Как датский принц, я мрачен был. Она была вельми курноса. Ломился в вечность первый пыл, Носился сердцем без износа.
О, Ксения, я умерщвлен: Тебя целуют инженеры… О, козлогласие племен В отсутствие царя и веры!
О, Ксения, я горько сплю. Тебя употребляют мрази… О, вы, покорные рублю Исчадья здешних безобразий.
А ты, от отроческих лет Мой нежный друг, мой тихий Саша? Тебе ли нашей муки чаша? Не может быть, не верю, нет.
Ужели в ДОПРе ты сидишь, Питая вшей и греясь чаем, И изучаешь горний шиш, Который все мы изучаем?
А помнишь, милый, помнишь те Академические бреды? О суете и красоте Многоглагольные беседы?
Царит ли снег, течет ли грязь, Блестят ли под дождем каменья, – Поплевывая и виясь, Спешит белесое виденье.
Он входит, он вошел… и вот Учтивости немая сцена: Вдруг поникает на живот Чело поэта и джентльмена.
Люблю тебя, люблю в тебе Сомученика и собрата, Противоставшего судьбе Мечтателя и элеата…
Я помню младость.

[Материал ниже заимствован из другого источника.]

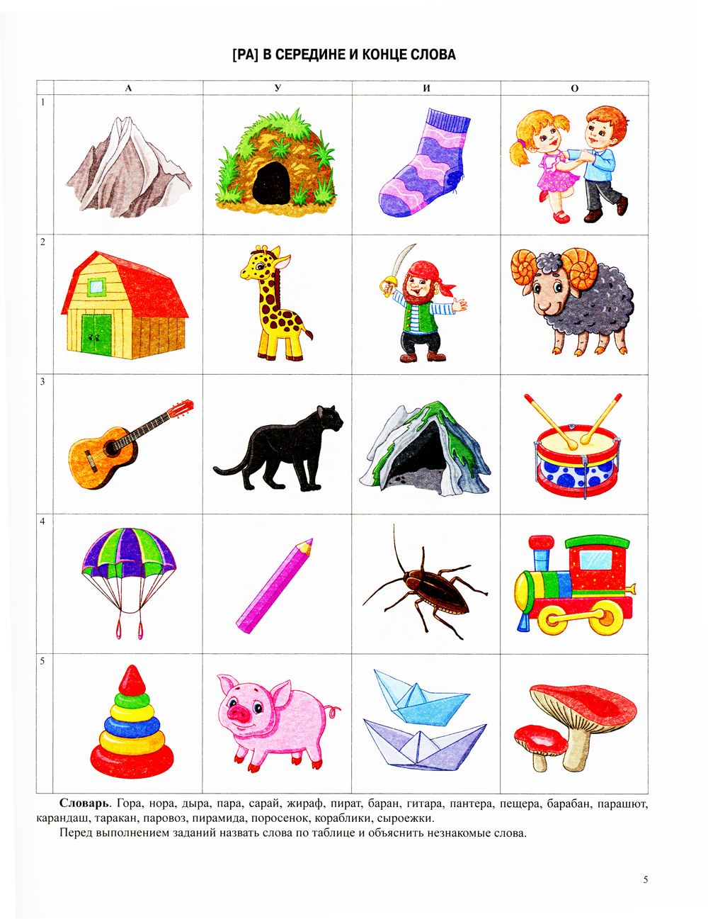 В данном пособии представлены звукотаблицы с картинным материалом для автоматизации звуков [р], [р'] у детей от 5 до 7 лет. К каждой таблице подобраны задания, способствующие расширению лексического запаса, усвоению грамматического строя родного языка, морфемного состава словоформ, совершенствованию навыков фонематического восприятия. Звукотаблицы могут быть использованы и для уточнения слоговой структуры слова. Кроме того, в процессе работы по звукотаблице формируются пространственные понятия, развиваются графические навыки, а также такие психические процессы, как зрительное внимание и память. Предложенный материал может быть использован логопедами, дефектологами и родителями детей-дошкольников.| Издательство | Детство-Пресс |
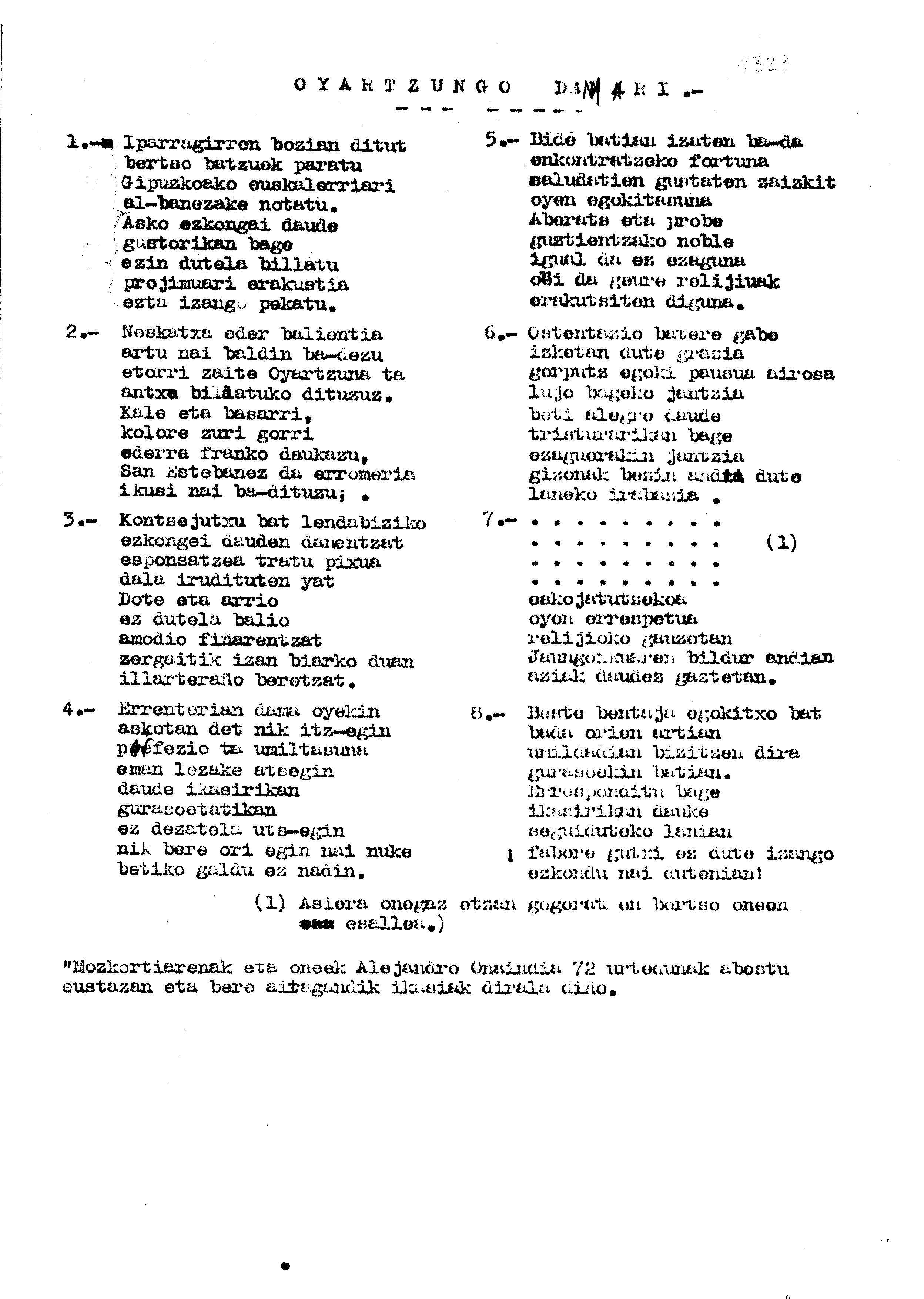 Bertsolaritza. Bertso paperak: Izenburua: Oyartzungo damari

Помню: младость Пьянила… Пушкина прочтя, Промолвило: «Какая гадость» Сумасходящее дитя.
И мукой сладостных укусов Пытал неясное мое Младенческое бытие В те времена Валерий Брюсов.
(О далекое утро на вспененном взморье, Странно-алые краски стыдливой зари. И весенние звуки в серебряном сердце, И твой сказочно-ласковый образ, Мари. В. Брюсов)
И вот, за первою любовью Я первой страстью согрешил… Я помню грацию коровью И простодушный скотский пыл.
Моей возлюбленной… Впервые – А было мне пятнадцать лет – Я дюжую объемля выю, Подумал: Беатриче нет
И быть не может. И отлично: Нет Бога в мире, аз есмь зверь. Всё радостно и неприлично И всё дозволено теперь.
В те годы появилась водка, Икра, говядина и нэп… До времени поникла плетка, Был мир противен и нелеп,
Как паралитик исцеленный, С трудом учащийся ходьбе. А опыт зверский, злобный, сонный Я до сих пор сберег в себе.
Глядело солнце в школьный класс. Цвела советская Минерва. И тяжко допекали нас Соцэк-болван и немка-стерва.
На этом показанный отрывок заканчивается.